Caring for artworks made entirely of paint

Caring for artworks made entirely of paint

How do you care for artworks that are made entirely of paint? Conservator Paintings Linda Waters explains.

There are two fascinating art works in the exhibition Kaleidoscope: Abstract Aotearoa made entirely from paint – Everything in its right place (Arrangement for seventeen colour groups 17/51), and For future reference. Both are by Christchurch-based artist Helen Calder, whose practice has evolved from using paint on various support materials to using paint by itself. Strictly speaking, it is not paint totally by itself, however the support takes the form of steel pins or rails on which the paint hangs, free of the wall – quite a different relationship to the paint than it sitting on a canvas.

Strips of variously coloured paint hang from pins on the wall
Helen Calder, Everything in its right place (Arrangement for seventeen colour groups, 17/51), 2011-2017, acrylic paint, stainless steel. Te Papa (2018-0009-1/AA to BY)
Pieces of paint hang over rails like towels
Helen Calder, For future reference, 2018, acrylic paint, steel, enamel paint. Te Papa (2018-0008-1)

I was lucky to work with Helen to install these pieces, and enjoyed talking to her about the intricacies and technicalities of the paintings, so I can share some detail about her working process.

These two works are so beautiful and intriguing that many people want to touch them – however this is really detrimental to the artwork. I’ll explain later. But for now, some details…

Artist Helen Calder during installation of Everything in its right place (Arrangement for seventeen colour groups, 17/51). Photo by Linda Waters. Te Papa

Painting without canvas

The evolution of Helen’s work using paint alone was the result of the happy accident of seeing some excess paint that had run from a canvas and dried on the table top overnight. This led her to experiment to create paintings without a support – no mean feat, as you need to understand the technicalities and behavior of paint in order to use it without a substrate to support it!

Helen works with the highest quality artists’ acrylic paint (by Golden Paints) on a covered table top to produce long paint skins – a process she describes as physical, almost like a dance. And expensive! She gauges when each skin is dry enough to hang vertically (the skins have a hanging hole which is reinforced with muslin) and then there’s a sort of curing time. The strips are hung for a period to assess any changes and then arranged into a composition. The whole process takes a few months.

Close up of the pieces of paint
The back of a paint skin showing muslin reinforcing and Helen’s numbering system. Photo by Linda Waters. Te Papa

The nine hanging sheets of paint in For future reference are made in a similar way to the paint skins, but from two types of acrylic paint – Golden Paints artists’ acrylic plus Resene Enamacryl, the latter chosen for its flexibility to ‘support’ the coloured layers. The coloured layers are delicate and nuanced, and arise from Helen’s experience and skill in manipulating the paint.
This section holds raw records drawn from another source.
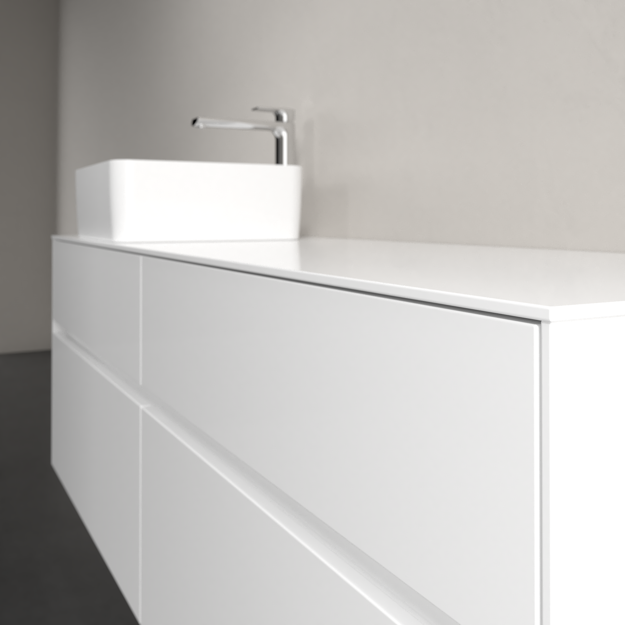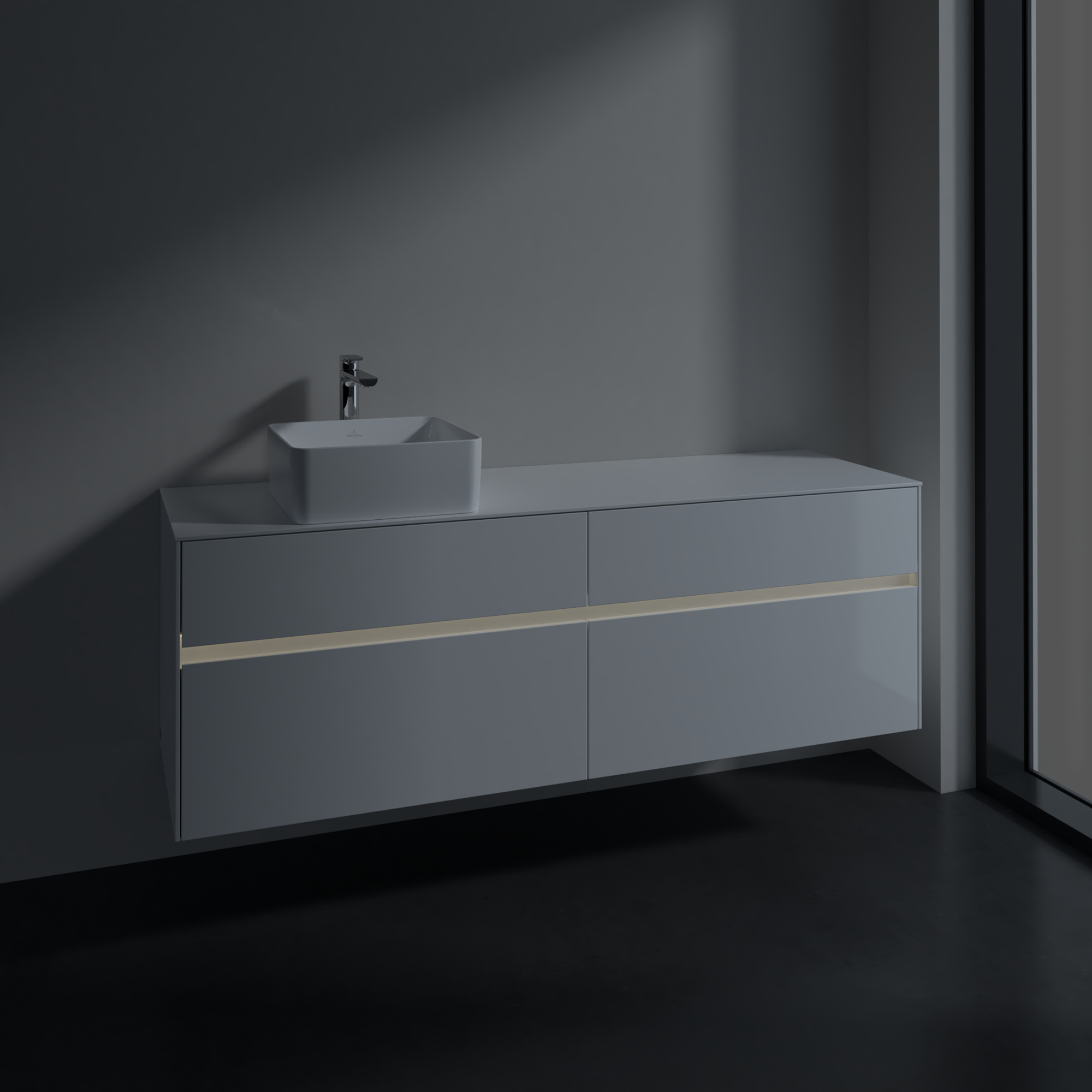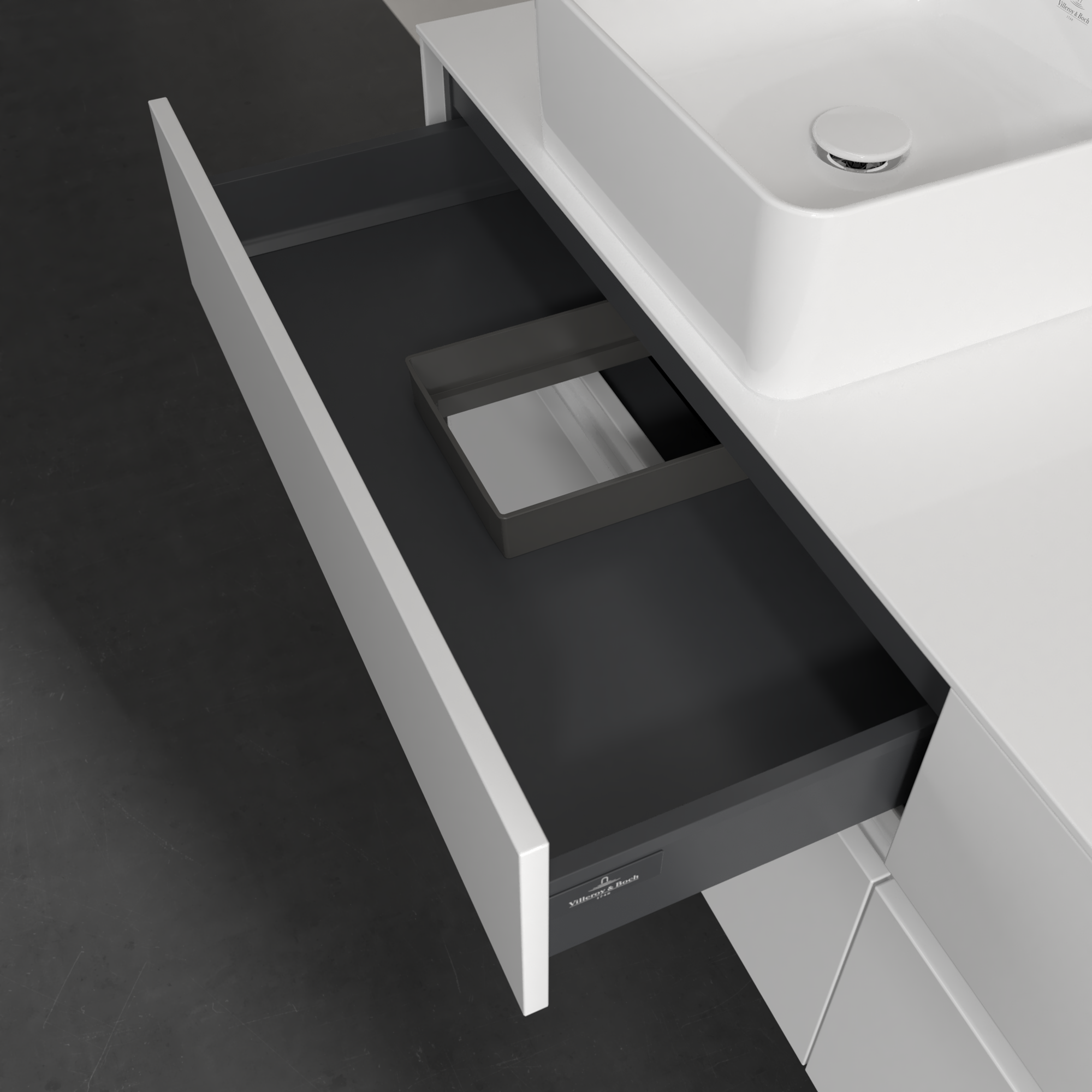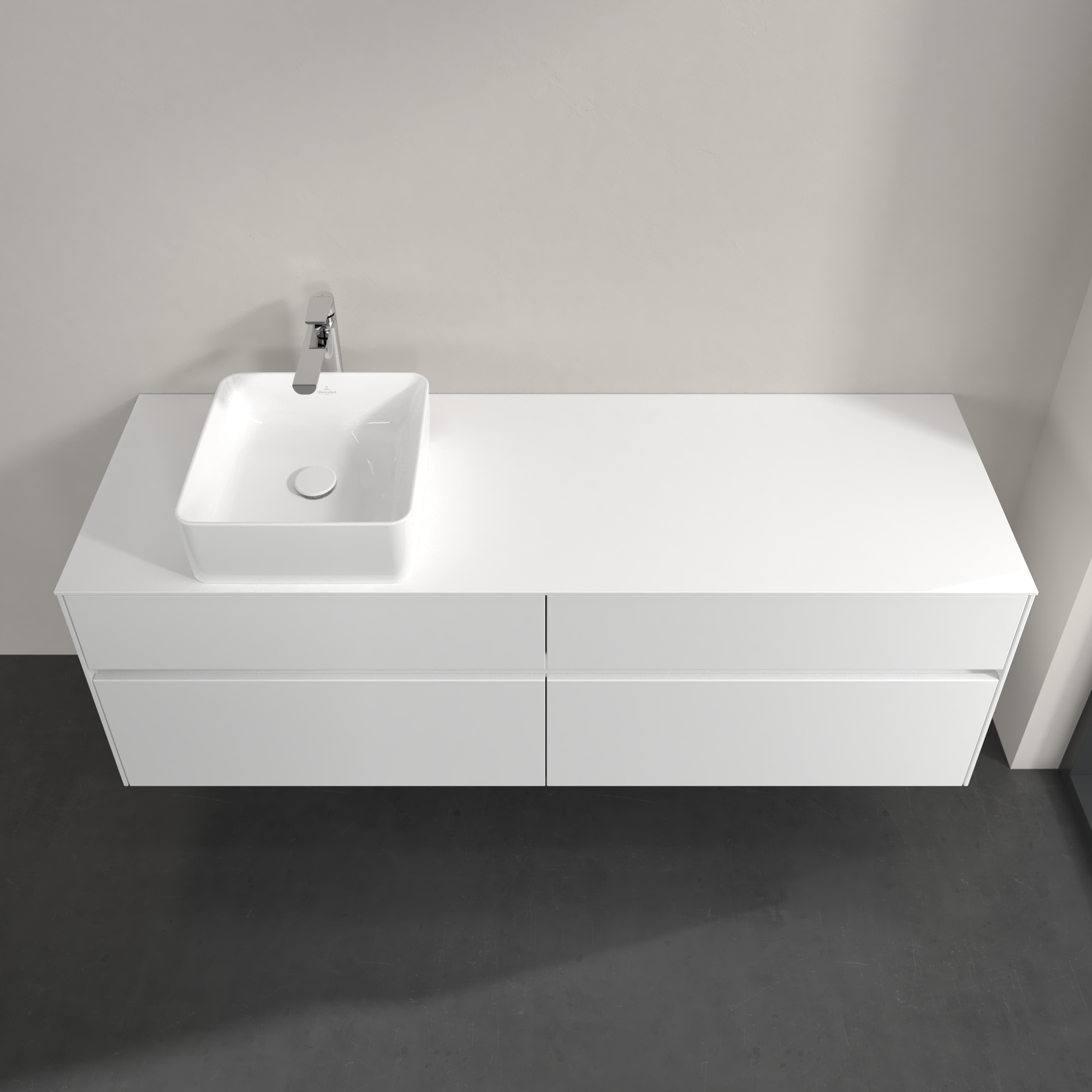 Collaro Meuble sous plan, avec éclairage, 4 tiroirs sur rails, 1600x548x500mm, Caisson: Glossy White, Façade: Glossy White
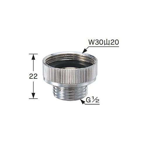 W30山20ネジ(自在水栓、混合栓の大口径回転パイプ)をG1/2ネジに変換するアダプターホースカップリングや、G1/2接続部品が使用可能になります。 |
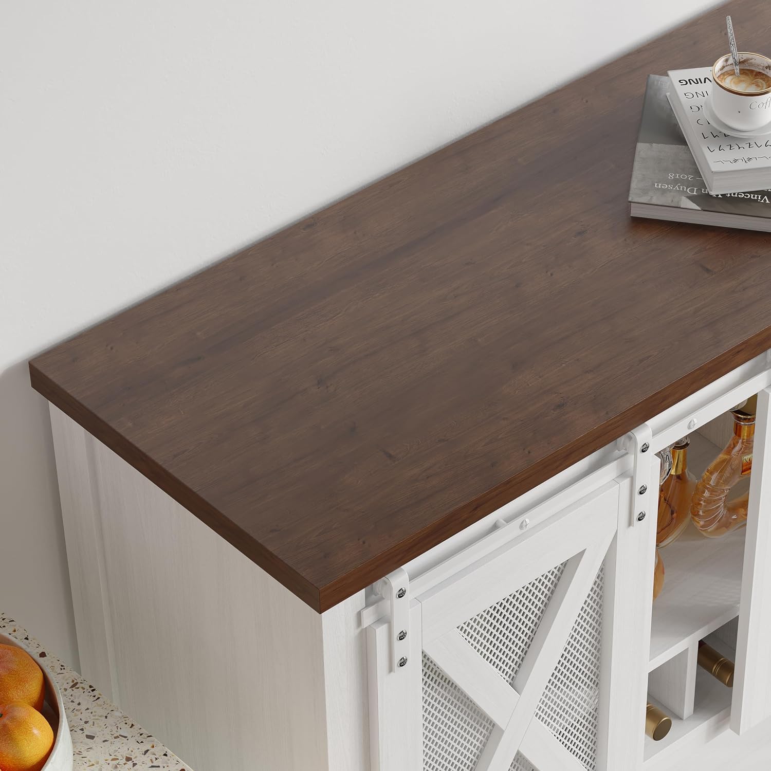- √ Sliding Barn Doors for Easy Access: Enjoy convenient access to this bar table with smooth and quiet sliding metal doors. The unique barn metal mesh design allows for customizable storage and display options, making organization a breeze. This coffee bar cabinet is the perfect solution for keeping your belongings neatly stored and easily reachable.

A detail of the marbled surface of one sheet in For future reference. Photo by Linda Waters. Te Papa
A stipple-like pattern on the surface of a sheet in For future reference. Photo by Linda Waters. Te Papa


So, back to the issue of touching. Acrylic paint is actually very susceptible to the acids and oils in our skin. They eat into the surface of the paint over time, or darken to become visible on what is otherwise an uninterrupted field of colour. Both are disfiguring and irreversible, which is why we wear gloves to handle paintings and other objects.

It might be possible to clean the dark soiling from some types of acrylic paint, but the etching is permanent. Dents and scratches can also be permanent, as the paint stays ‘soft’ due to the long molecules that make up its structure. This is especially so for the thick unsupported paint in these skins. The paint skins also conform to any irregularities in the surface on which they are lying because  of their weight, combined with the inbuilt ‘softness’ in the paint.
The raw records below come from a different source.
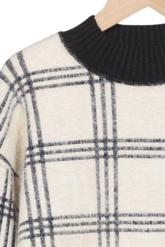 | Details | Grobstrick, Langarm, Rundhals, Kariert |
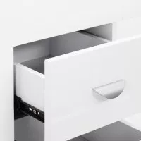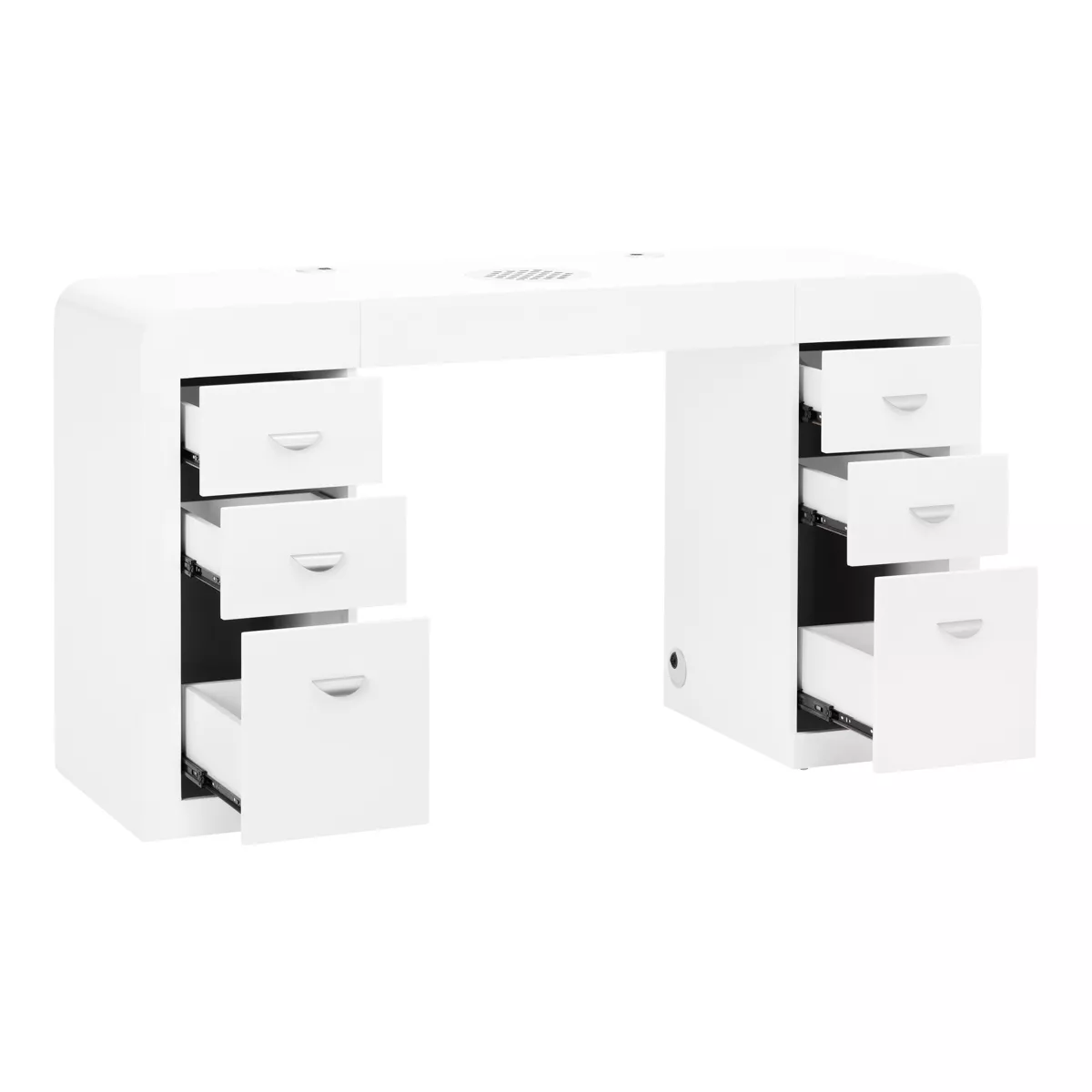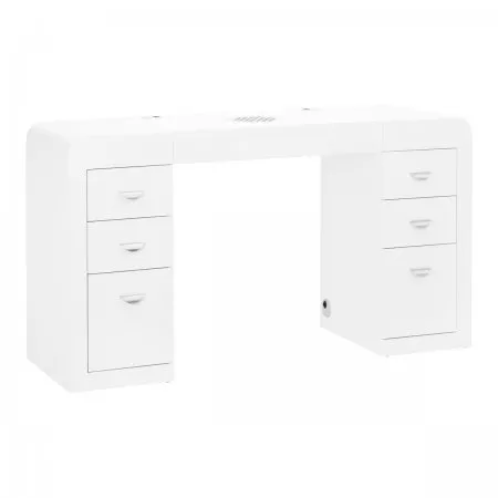 Szafki po obu stronach z trzema pojemnymi szufladami znacznie ułatwiają organizację oraz utrzymanie porządku w najpotrzebniejszych kosmetykach i narzędziach. Dzięki temu niezbędne produkty zawsze znajdują się pod ręką, co przekłada się na efektywność pracy. Biurko ma specjalne otwory w blacie do przeprowadzania kabli od niezbędnych urządzeń, co pozwala na łatwe utrzymanie porządku i estetyki stanowiska pracy.
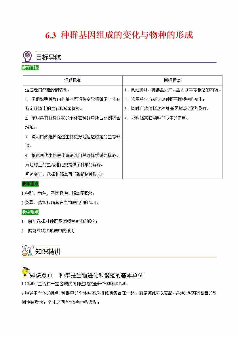 6.3 种群基因组成的变化与物种的形成(学生版)(人教版必修2)
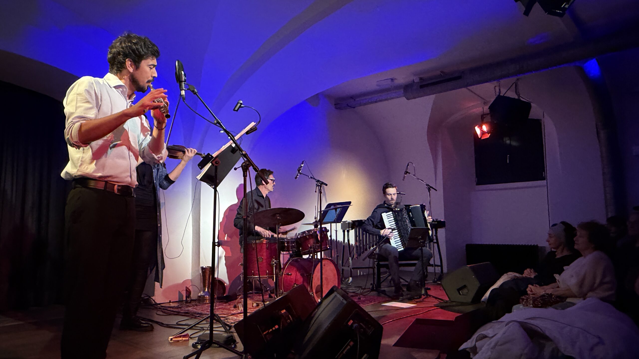 Stilistisch bewegte sich das Ensemble souverän zwischen Tango Nuevo und Weltmusik. Immer wieder blitzten Anklänge an den Tango Argentino auf, mal leidenschaftlich und markant, mal subtil und fein nuanciert. Gleichzeitig öffnete sich das Programm in Richtung Orient und Osteuropa: Klänge, die an die Türkei, Armenien oder Bulgarien erinnerten, flossen organisch in die Kompositionen ein und erweiterten den musikalischen Horizont des Abends.
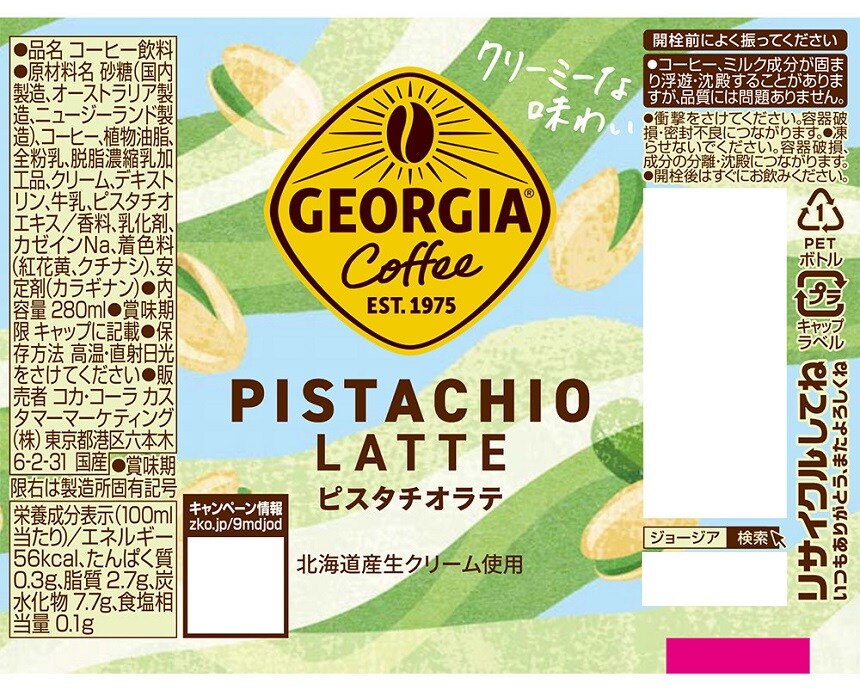 コーヒーブランド「ジョージア」から、ピスタチオフレーバーの見た目も楽しいカラフルなカフェラテ『ジョージア ピスタチオラテ』が新登場。

A prototype in preparation for storage, 2018. Photo by Linda Waters. Te Papa

As a consequence of all this, the paint skins need well-designed storage to protect them. Paul Solly, Object Support Preparator, and I are currently working out a system for storing the pieces long term. We are working on providing a box with an individual tray inside for each skin. The tray will support the skin, prevent anything sitting on the surface and allow easy handling. The whole design needs to be economical and efficient to make! Prototypes are underway.
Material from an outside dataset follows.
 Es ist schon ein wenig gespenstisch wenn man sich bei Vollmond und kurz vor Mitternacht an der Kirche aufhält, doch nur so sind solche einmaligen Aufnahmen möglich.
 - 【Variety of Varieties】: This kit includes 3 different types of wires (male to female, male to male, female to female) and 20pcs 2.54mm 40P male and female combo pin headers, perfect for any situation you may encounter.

‘A mix of control and accident’ – Helen Calder in her own words


  1. I have seen her works in dealer galleries on ArtExplore Walk & Talk and Art Precinct and been fascinated by them I am delighted these works are in the National Collection. Thanks for the intriguing comments

  2. this is very fascinating. who would ever have thought you could “paint” like this? BTW the past tense of to lead is spelt led not lead. cheers sherry

    1. Author

      Hi Sherry, thanks for the spelling correction! And, yes, I find the work really fascinating too and so beautiful to look at in the flesh, as it were.